- The data:
☆ ☆ ☆

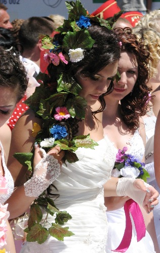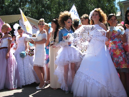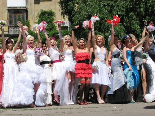 Шествие началось от входа в парк им. Пушкина к ресторану «Чумацкий шлях», а затем – к толпам зрителей, собравшихся у кинотеатра «Родина». Здесь их встречала музыкой дружковская группа «Безоркестра» и бесчисленные фотографы и видеооператоры. Зрелище 60 невест было потрясающим!
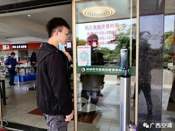 中国民航网 通讯员吴宇坤、蒋思恩 报道:“滴~”“体温正常”“绿码请通行”。近日,桂林机场办公楼、餐厅、员工通道等8处公共区域入口加装了具有智慧防疫功能的“电子哨兵”,员工经过健康码核验和测温正常后即可通行,全程快捷无接触。
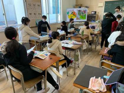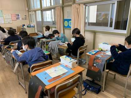 12月5日(土)1時間目、5年2組は図工で「ミラクルミラーステージ」を作り始めていました。約3分の1の人は一版多色刷りの仕上げをしていました。
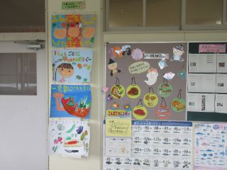 「一食ごとにいただきグー」のポスターも掲示してあります。どのポスターからも描いた人の気持ちが伝わってきます。

☆ ☆ ☆

The data is to be returned exactly as it stands, pictures aside.

- Finished exercise:
 Шествие началось от входа в парк им. Пушкина к ресторану «Чумацкий шлях», а затем – к толпам зрителей, собравшихся у кинотеатра «Родина». Здесь их встречала музыкой дружковская группа «Безоркестра» и бесчисленные фотографы и видеооператоры. Зрелище 60 невест было потрясающим!
 中国民航网 通讯员吴宇坤、蒋思恩 报道:“滴~”“体温正常”“绿码请通行”。近日,桂林机场办公楼、餐厅、员工通道等8处公共区域入口加装了具有智慧防疫功能的“电子哨兵”,员工经过健康码核验和测温正常后即可通行,全程快捷无接触。
 12月5日(土)1時間目、5年2組は図工で「ミラクルミラーステージ」を作り始めていました。約3分の1の人は一版多色刷りの仕上げをしていました。
 「一食ごとにいただきグー」のポスターも掲示してあります。どのポスターからも描いた人の気持ちが伝わってきます。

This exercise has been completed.